Konrad Muzyka, directeur de Rochan Consulting, un groupe basé en Pologne qui suit la guerre, a déclaré que, étant donné que l’Ukraine disposait de moins de main-d’œuvre que la Russie, une meilleure formation et de meilleures troupes lui permettraient de soutenir le combat plus longtemps.
« L’Ukraine ne peut pas adopter la méthode de guerre russe, qui se concentre sur l’usure, car Moscou sera en mesure de dépenser plus que Kiev dans presque tous les domaines, depuis la production militaire jusqu’à la capacité de supporter des pertes plus élevées », a-t-il déclaré.
Dans sa dernière tentative visant à relancer le processus et à attirer des recrues plus jeunes, plus motivées et mieux instruites, le ministère ukrainien de la Défense a déclaré que les volontaires ne serviraient pas nécessairement dans les tranchées mais dans un rôle de leur choix correspondant à leurs compétences.
L’un des objectifs est d’attirer davantage de professionnels de l’informatique vers des unités exploitant des drones et d’autres armes de haute technologie. Trois personnes possédant une telle spécialisation ont déclaré au Financial Times qu’elles considéreraient l’offre si elles pouvaient garantir qu’elles occuperaient des rôles d’opérateurs de drones ou utiliseraient leur expertise en matière de cyberguerre ou des rôles similaires.
Le régiment Azov, l’une des meilleures forces combattantes d’Ukraine, a publié des annonces sur le site de recrutement work.ua pour l’infanterie, les opérateurs de drones, les ingénieurs, les médecins, les chauffeurs, les cuisiniers et les soudeurs.
Natalia Kalmykova, vice-ministre de la Défense, a signé cette semaine des accords avec thelobbyx.com, une plateforme de recrutement utilisée par l’armée, pour aider les soldats à évoluer vers des postes mieux adaptés à leurs compétences.
« Le projet permettra à une personne de choisir une unité spécifique dans un poste spécifique où son expérience civile sera la plus utile », a déclaré Kalmykova dans un communiqué. Des accords similaires avec d’autres sociétés de recrutement sont en cours d’élaboration.

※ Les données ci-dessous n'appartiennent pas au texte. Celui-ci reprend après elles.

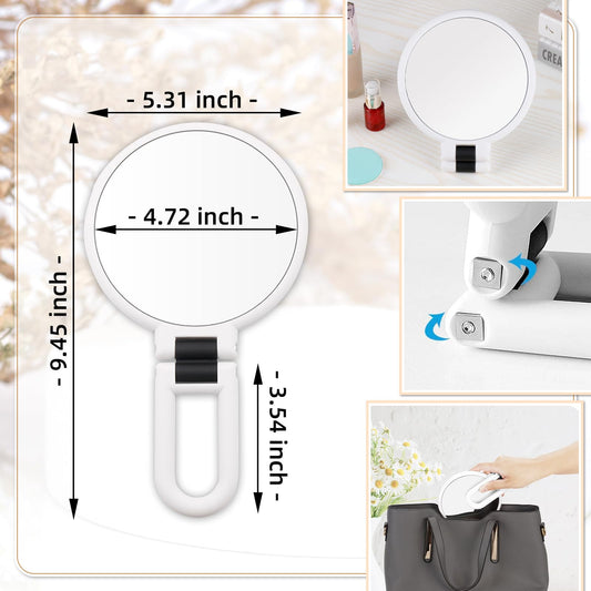 Novadex 1x 5X Magnifying Mirror, Handheld Hand Mirror with Handle, Travel Hand Held Vanity Mirror, Compact Double Sided Portable Magnification Small Make Up Mirrors for Precision Makeup (White)

Les soldats qui passent un mois complet sur la ligne de front reçoivent plus de 3 000 dollars par mois – un salaire élevé en Ukraine, où le salaire moyen est inférieur à 500 dollars par mois, et bien plus que les 650 dollars versés aux troupes assurant des rôles de soutien à l’arrière. .
Kalmykova a déclaré à la télévision ukrainienne plus tôt ce mois-ci que la conscription forcée se poursuivrait mais serait progressivement supprimée lorsque « suffisamment » de soldats se seraient enrôlés volontairement.

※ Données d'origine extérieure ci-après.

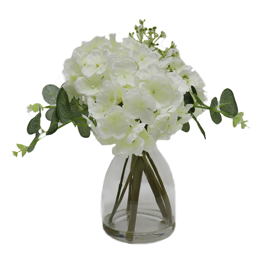 ARTIFICIAL HYDRANGEA W/FAUX WATER IN GLASS VASE (P250026HB-28)

Vitaly Markiv, commandant de première ligne, a déclaré : « Nous devons nous éloigner du système soviétique de conscription forcée où les gens sont contraints à des rôles où ils ne peuvent pas réaliser leur potentiel. »
Il a ajouté : « Nous ne devrions pas mettre l’accent sur la quantité, mais sur la qualité et l’intelligence dans ce qui est. . . comme la bataille de David contre Goliath.